Your Car or Mine?

Company- or employee-owned vehicles; either way, there are risks.

April 19, 2012

3 Min Read
Your Car or Mine?

Matt Gartner, XL Specialty Insurance Co.

We all need to get around. And in many instances, our jobs require us to do so either in a company car or our own. It’s important to realize that a business’ auto liability for the company car doesn’t stop at the end of the business day. And a business could be held liable in case where an employee’s personal vehicle was used to conduct work-related duties such as picking up supplies or running to the bank for the company. Waste companies would be wise to set policies to avoid added liability and expensive lawsuits and make sure they have appropriate insurance in either circumstance.

If an accident involves a company-owned car, the company’s commercial auto policy would be the first to cover potential liabilities. If an employee is using his own car for company business and has an accident, the employee’s personal auto policy (unless endorsed otherwise) would respond first. While this provides some degree of coverage, the company still carries considerable liability if the proper precautions and additional insurance is not in place.

To minimize after-hours driving risks, more and more companies are requiring their employees with company cars to carry their own coverage as well. This ensures that there is sufficient insurance coverage by both the employee and the business. Businesses need to decide what minimum levels of insurance should be required for vehicles that are operated for the business. A minimum liability limit of $100,000 for personal injury is the typical requirement. Once this threshold is set, businesses should require employees to provide proof of their insurance coverage limits such as a copy of an employee’s automobile insurance policy declarations page that can be kept on file.

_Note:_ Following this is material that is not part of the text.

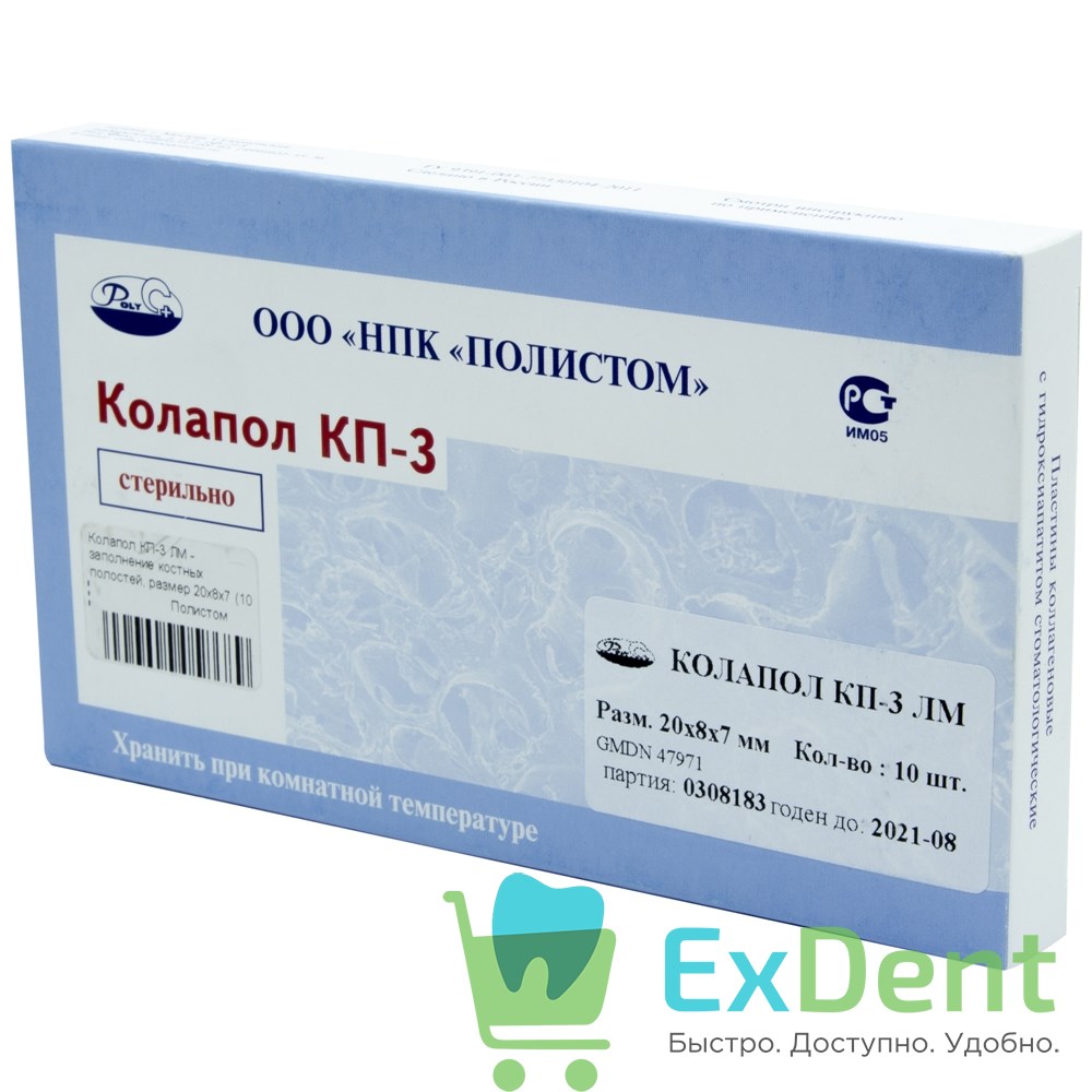 - Колапол КП3 стерильно (20 х 8 х 1,8) 10 шт - в хирургической, ортопедической и стоматологической практике для заполнения костных полостей, возникающих после удаления кист, псевдоопухолей, секвестрэктомии, у ранее неоднократно оперированных больных хроническим остеомиелитом (в том числе с осложненным патологическим переломом).

Companies that require employees to drive as some part of their responsibilities should ensure that employees have appropriate training, such as driver safety course. These courses are readily available – either via classes or online – and are often offered by a company’s insurance company or broker.

Another good safeguard to manage a company’s auto liability is to run a motor vehicle record on drivers at least every six months. Additionally, it’s a smart move to establish qualifications for drivers, including setting limits on the number of moving violations and/or accidents, prohibiting DUI violations and requiring employees to self-report any violations. Of course, if driving is a big part of the job, companies are wise to set up a stringent screening process to evaluate and eliminate high-risk drivers in the first place.

Other policies to enforce include disallowing cell phone use and text messaging while operating any vehicle. Prohibit equipment like radar detectors that indicate if law enforcement is in range, typically to avoid speeding tickets. If company cars are used, policies can be set to limit vehicle use for business purposes only. To ensure that employees know about established auto use policies, many employers are required to sign a contract annually, acknowledging that they are aware of the policies and will abide by the company’s rules. In the event of a lawsuit involving a company car, a signed contract stating company auto policies is important in helping mitigate damage in court.

It’s important to remember that a vehicle is part of the company. It can certainly help carry out important business, but it can also have serious consequences for the company if not used wisely and driven safely.